Home and Hearth
Tending the Fires of Psychosocial Changes
While it is generally agreed that family time nourishes the young, gives purpose to those in middle years and accompanies the elders, the reality is that family time competes with contemporary social trends such as increased use of social media, the reality of dispersed families, or contends with the need or wish of caregivers to work outside the home; all of which create a life-in-the-fast-lane pace of living. However, “hearth-time”, as a metaphor for a warm place to arrive at and feel a sense of belonging, is alive with potential in Aotearoa New Zealand. This paper aims to identify and highlight the potentials that support the benefits of the hearth and time spent together and, by reviewing the origins and purpose of the hearth, build awareness of already existing hearth potentials; including our consulting rooms and the hearth-tending dynamics that abide within.
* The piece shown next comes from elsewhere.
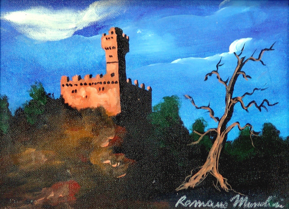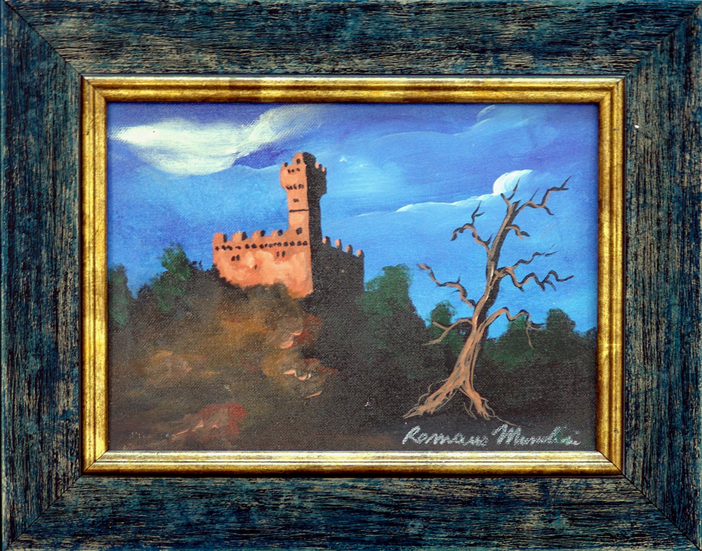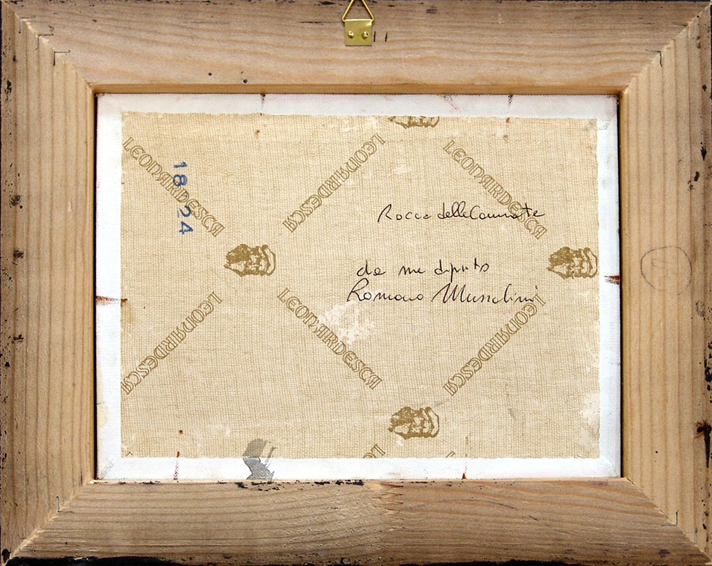 Romano Mussolini 1927, Forlì (Fc) - 2006, Roma (Rm) - [Italia] Rocca delle Cannate olio su cartone telato 18x24 cm firma dell'artista in basso a destra e sul retro; opera con cornice certificato di autenticità Picenum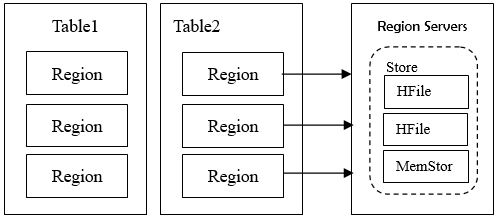 Region 是 HBase 中分布式存储和负载均衡的最小单元,不同的 Region 分布到不同的 RegionServer 上,如图 Table1 、 Table2 中均有多个 Region ,这些 Region 分布在不同的 RegionServer 中。Region 虽然是分布式分布式存储的最小单元,但并不是存储的最小单元, Store 是存储的最小单元。Region 由一个或者多个 Store 组成,每个 Store 会保存一个 Column Family ;每个 Store 又由一个 MemStore 或 0 至多个 Hfile 组成;MemStore 存储在内存中, HFile 存储在 HDFS 中。

To support the notion that hearth and subsequent primacy of heartfelt experiences needs more centrality in our homes, communities and even our thinking, I will draw on and extrapolate from the Greek myth of Hestia, Virgin Goddess of the hearth, drawing parallels between the principles of the myth and the value our profession and cultures offer.
Ahakoa, ki tā te nuinga, e whakaaehia ana ko te wā o te whānau te wā poipoihia ai ngā kōhungahunga, whai hua ai ngā pākeke, whai takahoa ai ngā kuia, koroua, ki te āta matawaihia e whakataetae kē ana tēnei wā ki ngā mahi omaoma haeretanga ki te whai oranga i roto i tēnei ao hurihuri. Heoi anō, kua whakaritea he “wā takuahi” hai wāhi taunga mahana kia rongo ai i te kiritau o te tūrangawaewae, e torohū ake ana i Aotearoa nei. Ko te whāinga a tēnei pepa he tohu kātahi ka whakahira ake i ngā torohūnga tautoko i ngā painga o tēnei wāhi arā te takuahi, me te wā noho tahi ai. Mā te tātari haeretanga i ngā tīmatatanga me ngā take o te takuahi e whakarahi ake ngā rongo o ngā huanga takuahi me ō tātau wāhi haumanu me ōna whakahaerenga takuahi. Hai tautoko ake i te whakaaro ko te tauahi me te hiranga o ngā wheako manawapā whakaarahia ake me whai wāhi ki waenganui i ō tātau kāinga, hāpori me ō tātau whakaaro hoki. Ka huri au ki te pūrākau a ngā Kiriki mō Hētia te Atua Puhi o te takuahi, hai whakaatu i ngā ōritenga i waenga i ngā mātāpono o te pūrākau me te ūara o tō tātau ūmangae me o tātau ahurei.